Friday, April 17, 2020

The Same Effect

(Chronicle graph)
One month ago the order was given: [bold added]
In a Monday afternoon press conference, San Francisco Mayor London Breed announced that as of midnight on March 17, residents of San Francisco, Santa Clara, San Mateo, Marin, Contra Costa and Alameda counties have been legally ordered to remain at home and shelter in place in an effort to slow the spread of the new coronavirus (COVID-19).
We've been inundated with information about the coronavirus, but one month later we still don't know who has it, who had it, where it came from exactly, and the best way to treat it.

We do know (graph) that the rate of new infections appears to be declining in the Bay Area. We also know that spikes in new cases occur where people have little choice but to live in dense housing, i.e., retirement communities, homeless shelters, jails, and residential hotels. While these institutions are not exclusive to cities, cities have the majority of cases.

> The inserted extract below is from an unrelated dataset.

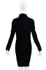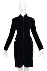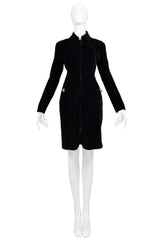 MOSCHINO BLACK VELVET ZIP COAT DRESS WITH GOLD BALLS

Predictions about long-term societal effects are legion. They're also all over the map, e.g., more or less receptivity toward climate change, more or less participation in church, more or less desire for employer-provided health care, etc.

Post-war Levittown, PA (photographer: John Reps)
Here is a pretty safe prediction about attitudinal change and consequential action: the urban model is passé. Mass transit is dangerous. The risks of city living are too high for children. The flight to the suburbs and rural areas will accelerate because living there is not only safer but cheaper.

The suburbs boomed after World War II changed the country. COVID-19 is likely to have the same effect.